Contrast that with an unwritten or “uncodified” constitution. England does not have a written constitution. Its government operates based on custom, statute, usage and precedent. Who decides the meaning and proper operation of “constitutional” government? The judiciary, government committees and legal experts. This type of government offers a great deal of elasticity. When it faces a problem, it need not worry about violating a written constitution with static meaning. The Parliament can simply pass new statutes. Or judges can formulate a new legal maxim. The judiciary takes precedence in this kind of system, setting legal precedent and guiding the evolution of the government.

That sounds more like the system we currently operate under here in the United States than the one set up by the founders. We no longer have constitutional government. We have government by judiciary. Court precedent dictates. Congress passes acts and everybody assumes them legitimate unless the courts say otherwise. If the nine black-robed federal employees approve a federal power, everybody accepts it as valid – regardless of the original meaning of the Constitution. Original meaning means nothing. The judges rule by judicial fiat.

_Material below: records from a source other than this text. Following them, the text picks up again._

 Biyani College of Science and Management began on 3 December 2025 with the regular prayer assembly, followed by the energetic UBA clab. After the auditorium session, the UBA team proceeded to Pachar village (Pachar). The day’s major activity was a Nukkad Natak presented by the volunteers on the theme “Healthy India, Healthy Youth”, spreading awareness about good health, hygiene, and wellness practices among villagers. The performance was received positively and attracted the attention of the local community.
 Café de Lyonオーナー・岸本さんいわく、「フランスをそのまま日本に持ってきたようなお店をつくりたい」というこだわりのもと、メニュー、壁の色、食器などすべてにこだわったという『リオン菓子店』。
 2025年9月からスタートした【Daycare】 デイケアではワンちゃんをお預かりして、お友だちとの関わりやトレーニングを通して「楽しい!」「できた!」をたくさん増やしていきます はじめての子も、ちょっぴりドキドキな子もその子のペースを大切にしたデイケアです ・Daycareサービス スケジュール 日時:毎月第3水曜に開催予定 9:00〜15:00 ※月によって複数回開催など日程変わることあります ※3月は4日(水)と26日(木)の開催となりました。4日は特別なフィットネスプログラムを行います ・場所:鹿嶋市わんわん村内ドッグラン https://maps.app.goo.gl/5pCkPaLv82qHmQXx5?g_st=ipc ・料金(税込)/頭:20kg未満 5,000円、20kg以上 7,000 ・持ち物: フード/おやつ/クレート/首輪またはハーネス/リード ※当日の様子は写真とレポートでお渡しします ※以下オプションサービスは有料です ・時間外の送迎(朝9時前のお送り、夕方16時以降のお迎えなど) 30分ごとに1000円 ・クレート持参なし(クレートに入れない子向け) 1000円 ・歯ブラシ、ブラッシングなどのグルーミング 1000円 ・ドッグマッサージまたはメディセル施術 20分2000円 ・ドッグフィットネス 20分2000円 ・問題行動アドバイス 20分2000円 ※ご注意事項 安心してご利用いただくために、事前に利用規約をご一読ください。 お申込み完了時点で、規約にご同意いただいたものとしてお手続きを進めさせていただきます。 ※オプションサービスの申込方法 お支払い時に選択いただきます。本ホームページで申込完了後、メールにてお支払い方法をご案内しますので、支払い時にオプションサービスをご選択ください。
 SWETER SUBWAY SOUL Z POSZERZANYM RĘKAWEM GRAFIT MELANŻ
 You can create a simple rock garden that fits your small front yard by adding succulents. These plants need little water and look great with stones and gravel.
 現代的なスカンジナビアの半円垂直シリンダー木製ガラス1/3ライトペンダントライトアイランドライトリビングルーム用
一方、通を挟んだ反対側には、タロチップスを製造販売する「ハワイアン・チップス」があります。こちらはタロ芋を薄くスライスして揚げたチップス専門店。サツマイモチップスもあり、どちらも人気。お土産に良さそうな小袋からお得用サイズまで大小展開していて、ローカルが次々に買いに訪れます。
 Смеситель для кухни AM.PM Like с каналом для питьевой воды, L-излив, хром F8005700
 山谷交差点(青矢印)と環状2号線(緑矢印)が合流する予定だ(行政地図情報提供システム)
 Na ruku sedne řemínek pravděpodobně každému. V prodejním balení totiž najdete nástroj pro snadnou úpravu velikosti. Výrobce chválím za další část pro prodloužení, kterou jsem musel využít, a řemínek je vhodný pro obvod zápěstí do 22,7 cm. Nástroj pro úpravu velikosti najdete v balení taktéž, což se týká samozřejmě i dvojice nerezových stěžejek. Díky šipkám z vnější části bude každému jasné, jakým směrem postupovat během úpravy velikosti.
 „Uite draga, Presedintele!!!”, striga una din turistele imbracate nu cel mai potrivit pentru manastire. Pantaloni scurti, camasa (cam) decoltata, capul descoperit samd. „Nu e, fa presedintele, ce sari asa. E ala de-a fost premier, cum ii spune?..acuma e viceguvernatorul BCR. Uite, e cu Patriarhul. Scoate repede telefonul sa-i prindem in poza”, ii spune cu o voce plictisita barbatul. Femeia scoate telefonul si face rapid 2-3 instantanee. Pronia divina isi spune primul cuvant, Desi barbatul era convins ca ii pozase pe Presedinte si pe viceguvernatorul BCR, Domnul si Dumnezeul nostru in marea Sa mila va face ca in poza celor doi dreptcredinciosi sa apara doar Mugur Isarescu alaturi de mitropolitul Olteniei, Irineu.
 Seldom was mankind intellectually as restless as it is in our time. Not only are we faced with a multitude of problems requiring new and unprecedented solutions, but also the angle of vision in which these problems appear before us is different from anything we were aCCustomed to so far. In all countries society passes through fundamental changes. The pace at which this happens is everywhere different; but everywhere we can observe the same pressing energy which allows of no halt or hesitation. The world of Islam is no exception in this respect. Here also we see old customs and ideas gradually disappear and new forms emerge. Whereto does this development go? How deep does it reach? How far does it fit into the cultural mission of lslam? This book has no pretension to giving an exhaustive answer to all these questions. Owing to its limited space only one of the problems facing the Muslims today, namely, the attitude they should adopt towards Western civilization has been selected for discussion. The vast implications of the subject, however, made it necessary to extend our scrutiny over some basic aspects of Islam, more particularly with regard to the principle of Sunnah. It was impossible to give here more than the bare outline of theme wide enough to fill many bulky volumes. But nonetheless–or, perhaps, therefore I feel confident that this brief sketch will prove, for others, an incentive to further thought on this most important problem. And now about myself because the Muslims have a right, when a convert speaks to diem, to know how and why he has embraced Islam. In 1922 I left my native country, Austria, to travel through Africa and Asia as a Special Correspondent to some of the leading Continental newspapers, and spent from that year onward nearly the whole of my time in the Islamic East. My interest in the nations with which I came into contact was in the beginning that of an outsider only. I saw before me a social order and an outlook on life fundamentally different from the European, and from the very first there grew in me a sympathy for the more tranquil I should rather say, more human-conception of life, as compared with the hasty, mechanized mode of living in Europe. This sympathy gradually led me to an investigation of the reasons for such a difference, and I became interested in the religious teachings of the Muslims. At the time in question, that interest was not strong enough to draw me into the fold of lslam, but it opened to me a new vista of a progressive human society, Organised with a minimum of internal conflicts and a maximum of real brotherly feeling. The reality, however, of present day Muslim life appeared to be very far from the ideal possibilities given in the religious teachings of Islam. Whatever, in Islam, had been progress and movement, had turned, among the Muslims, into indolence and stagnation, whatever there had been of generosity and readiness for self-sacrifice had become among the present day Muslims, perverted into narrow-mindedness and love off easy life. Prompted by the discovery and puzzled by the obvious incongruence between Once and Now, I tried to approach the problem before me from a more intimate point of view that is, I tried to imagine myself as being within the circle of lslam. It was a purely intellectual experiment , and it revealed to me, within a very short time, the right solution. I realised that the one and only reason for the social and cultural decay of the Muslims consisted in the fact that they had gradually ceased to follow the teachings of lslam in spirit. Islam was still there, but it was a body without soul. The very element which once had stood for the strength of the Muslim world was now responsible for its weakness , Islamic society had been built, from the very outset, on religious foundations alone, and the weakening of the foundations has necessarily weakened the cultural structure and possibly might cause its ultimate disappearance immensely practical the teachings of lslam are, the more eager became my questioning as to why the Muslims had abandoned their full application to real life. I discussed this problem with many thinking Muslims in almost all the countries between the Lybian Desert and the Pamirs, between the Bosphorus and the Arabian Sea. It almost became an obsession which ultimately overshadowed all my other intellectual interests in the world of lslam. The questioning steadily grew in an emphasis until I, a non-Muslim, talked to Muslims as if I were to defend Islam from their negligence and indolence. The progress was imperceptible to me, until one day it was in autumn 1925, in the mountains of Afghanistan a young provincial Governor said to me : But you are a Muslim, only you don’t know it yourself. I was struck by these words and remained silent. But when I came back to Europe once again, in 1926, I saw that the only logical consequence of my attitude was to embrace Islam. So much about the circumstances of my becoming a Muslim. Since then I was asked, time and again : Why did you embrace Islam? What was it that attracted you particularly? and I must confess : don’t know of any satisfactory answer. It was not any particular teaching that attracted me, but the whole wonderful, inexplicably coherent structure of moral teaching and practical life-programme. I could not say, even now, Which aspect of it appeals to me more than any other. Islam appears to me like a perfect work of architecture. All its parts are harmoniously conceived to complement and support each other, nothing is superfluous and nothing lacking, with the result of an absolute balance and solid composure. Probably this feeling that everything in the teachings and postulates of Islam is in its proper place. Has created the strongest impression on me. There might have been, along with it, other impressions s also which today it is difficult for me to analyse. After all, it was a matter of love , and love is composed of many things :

The United States does, in fact, operate under a “living breathing” constitution. The document still exists under glass in the National Archives, but the the government actually runs based on an uncodified constitution molded and defined by judges.

As I said, “conservatives” rail against the “living breathing” constitution. But far too many enable it by insisting that the Supreme Court has the final say on constitutionality and rejecting the doctrine of nullification. When judicial precedent rises to the same level as the original meaning of the Constitution (and the Court actually claims its opinions rise to that level), you no longer have a written constitution. You live under an uncodified constitution, its meaning floating merrily along on the whims of nine judicial oracles.

A federal government that can define the extent of its own powers rises to the level of all-powerful. And that’s exactly the system “conservatives” like those over at the Heritage Foundation and other prominent right-leaning organizations support when they insist on absolute federal judicial supremacy.

Thomas Jefferson rightly pointed out that it would prove impossible to maintain a federal government of limited powers if that government itself determined and defined the extent of its own authority.

The government created by this compact was not made the exclusive or final judge of the extent of the powers delegated to itself; since that would have made its discretion, and not the Constitution, the measure of its powers; but that, as in all other cases of compact among powers having no common judge, each party has an equal right to judge for itself, as well of infractions as of the mode and measure of redress.

History proved him correct.

So the next time you hear “conservatives” railing about the “liberal” invention of a “living breathing” Constitution, ask them if they support state nullification. When they tell you, “No, the Supreme Court and the Supreme Court alone decides constitutionality,” you can look them in the eye and tell them they are part of the problem.